◆ Your assignment:
Given the entries that follow, write out exactly the lines starting at the one containing "Vintage Flower Brooch" and ending at the one containing "Flash, Java of", both ends included, and only those.

##### Source data

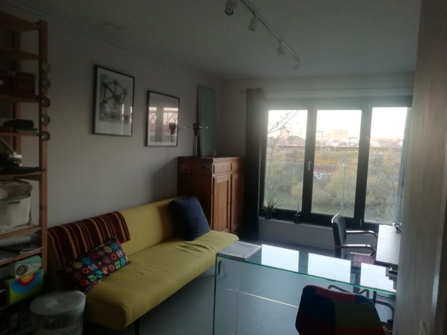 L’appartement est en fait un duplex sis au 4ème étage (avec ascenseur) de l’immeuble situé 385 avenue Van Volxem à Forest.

##########
##### Source data

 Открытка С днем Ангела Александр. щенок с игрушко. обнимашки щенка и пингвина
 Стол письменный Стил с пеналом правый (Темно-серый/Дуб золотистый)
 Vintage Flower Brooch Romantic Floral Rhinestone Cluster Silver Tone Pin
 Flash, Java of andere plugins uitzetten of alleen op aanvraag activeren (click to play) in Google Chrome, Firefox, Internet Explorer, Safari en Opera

##########

◆ Result of the exercise:
 Vintage Flower Brooch Romantic Floral Rhinestone Cluster Silver Tone Pin
 Flash, Java of andere plugins uitzetten of alleen op aanvraag activeren (click to play) in Google Chrome, Firefox, Internet Explorer, Safari en Opera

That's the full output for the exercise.